At the end of the day, credit card companies are run by people like you and me. Call back in a few months and ask again! It won’t hurt your credit, especially if you continue to make payments. Card policies may have changed and the person on the other end might be more willing to reduce your rate, or perhaps your credit has improved enough over that short period to warrant a change.

KEEP AN EYE OUT FOR PROMOTIONS ON YOUR EXISTING CARDS

Given the current economic climate, some companies that offer rewards cards, like American Express or Chase, have recently started offering drastically lower temporary rate reductions in the 3-5% APR range. Usually, these promos are only found online and require you to opt in. Keep an eye on your digital banking and credit card portals for offers like these, and don’t forget to read the fine print!

CONTACT YOUR OTHER CARD ISSUERS

Starting with the credit card accounts you’ve had the longest is the most likely way you’ll reduce your overall interest rates since you have an existing history with them.

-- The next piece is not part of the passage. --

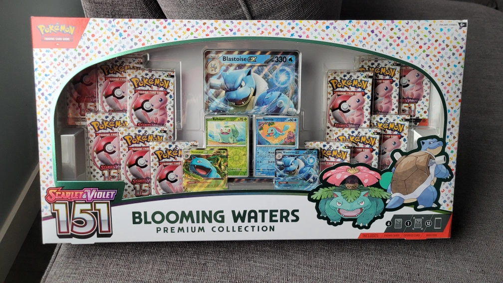 The Pokémon TCG: Blooming Waters Premium Collection includes:

Don’t stop there though! If you have more than one card, keep going down through the list until you’ve contacted them all, then repeat the steps in a few months. Note that you’ll see the biggest change to your personal bottom line by reducing the rate of your highest interest card or the card you carry the highest balance on.

Even if you don’t carry a balance on your cards, it is a good practice to regularly audit your financial tools—including your credit cards—to see if there are any opportunities to save money. Little changes here and there can really add up over time!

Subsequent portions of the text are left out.